===== Record extracts =====

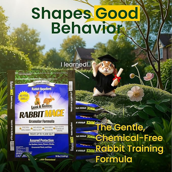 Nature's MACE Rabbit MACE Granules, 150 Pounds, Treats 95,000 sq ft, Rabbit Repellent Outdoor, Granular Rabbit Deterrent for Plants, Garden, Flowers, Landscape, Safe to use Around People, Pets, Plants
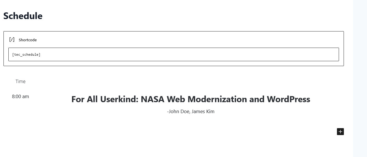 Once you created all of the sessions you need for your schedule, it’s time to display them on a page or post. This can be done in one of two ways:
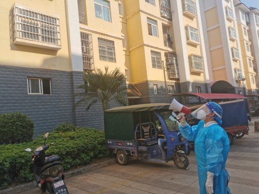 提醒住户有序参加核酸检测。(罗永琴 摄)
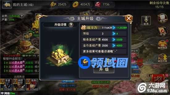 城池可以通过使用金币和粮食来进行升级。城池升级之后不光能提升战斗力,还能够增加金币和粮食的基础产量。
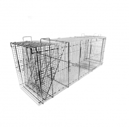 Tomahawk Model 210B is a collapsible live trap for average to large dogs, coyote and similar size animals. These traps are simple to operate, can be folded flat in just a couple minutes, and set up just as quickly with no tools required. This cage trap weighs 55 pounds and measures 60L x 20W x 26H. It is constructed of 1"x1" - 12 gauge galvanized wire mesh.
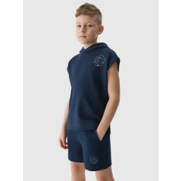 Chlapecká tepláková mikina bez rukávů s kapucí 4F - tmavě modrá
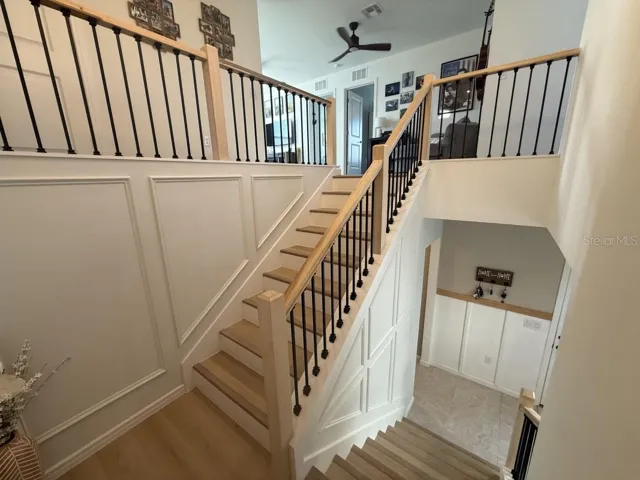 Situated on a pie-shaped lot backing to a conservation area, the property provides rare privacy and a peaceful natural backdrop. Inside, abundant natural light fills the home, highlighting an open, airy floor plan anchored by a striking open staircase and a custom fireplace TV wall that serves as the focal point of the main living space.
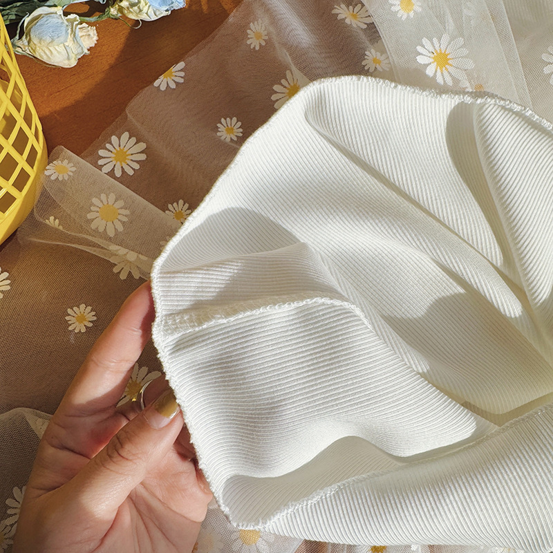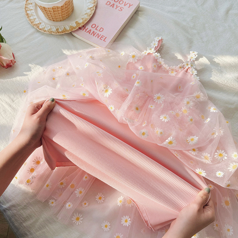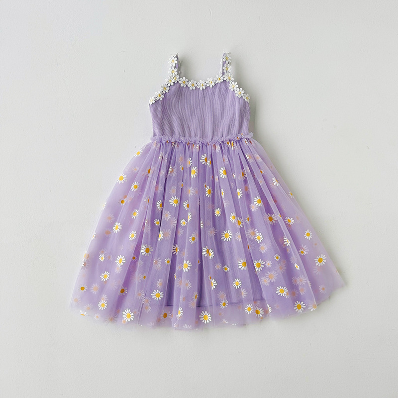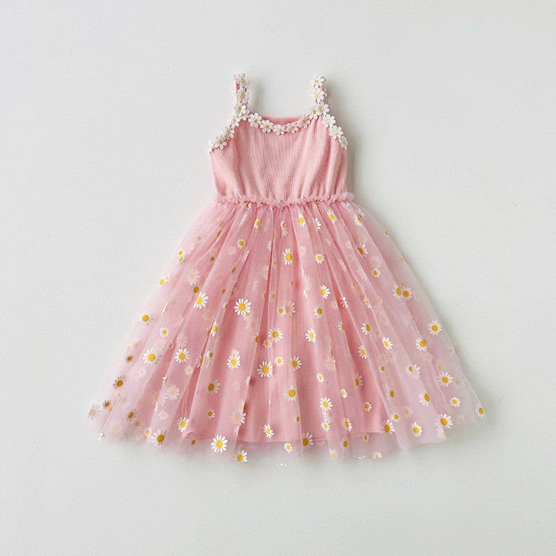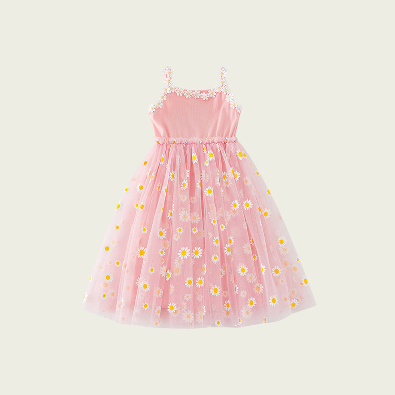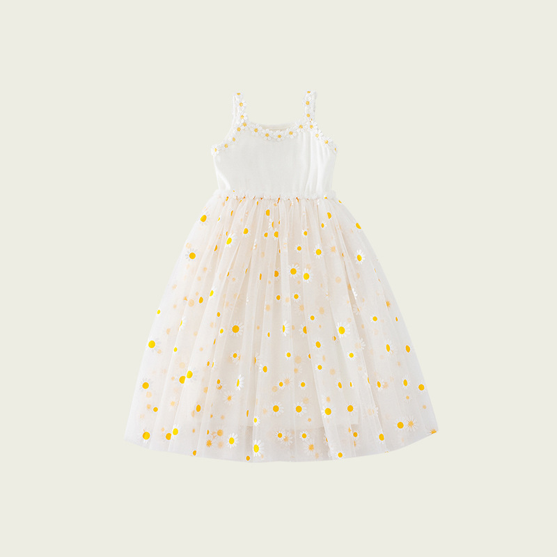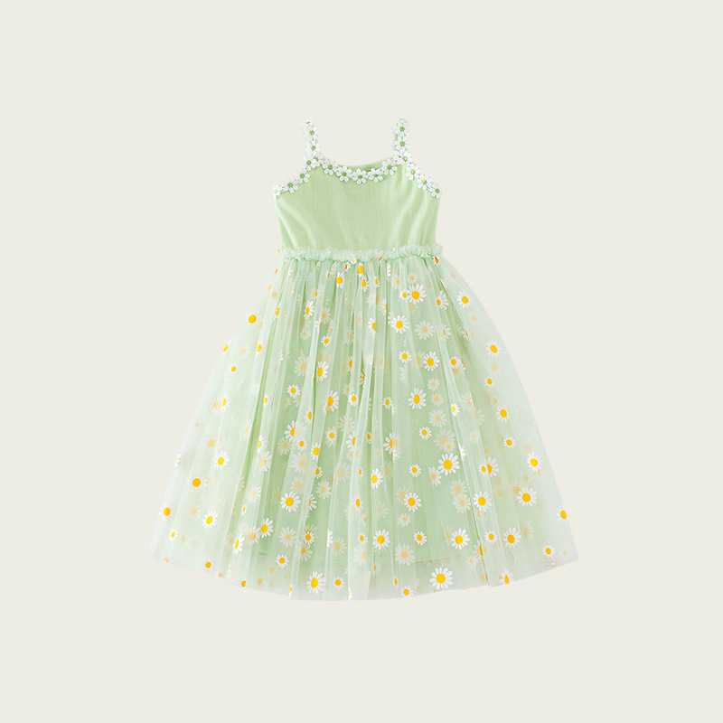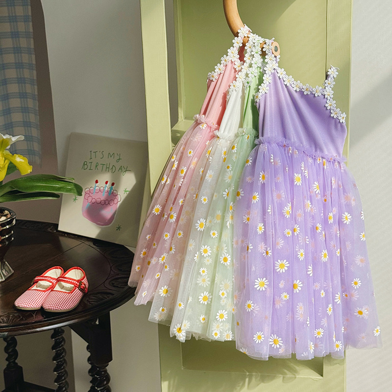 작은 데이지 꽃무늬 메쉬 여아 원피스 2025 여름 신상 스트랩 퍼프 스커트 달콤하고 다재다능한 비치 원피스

=====

**What is expected:** Above are the records. Copy only the lines from the one with "提醒住户有序参加核酸检测。(罗永琴 摄)" through the one with "Chlapecká tepláková mikina", exactly, with no pictures.

**Answer to this task:**
 提醒住户有序参加核酸检测。(罗永琴 摄)
 城池可以通过使用金币和粮食来进行升级。城池升级之后不光能提升战斗力,还能够增加金币和粮食的基础产量。
 Tomahawk Model 210B is a collapsible live trap for average to large dogs, coyote and similar size animals. These traps are simple to operate, can be folded flat in just a couple minutes, and set up just as quickly with no tools required. This cage trap weighs 55 pounds and measures 60L x 20W x 26H. It is constructed of 1"x1" - 12 gauge galvanized wire mesh.
 Chlapecká tepláková mikina bez rukávů s kapucí 4F - tmavě modrá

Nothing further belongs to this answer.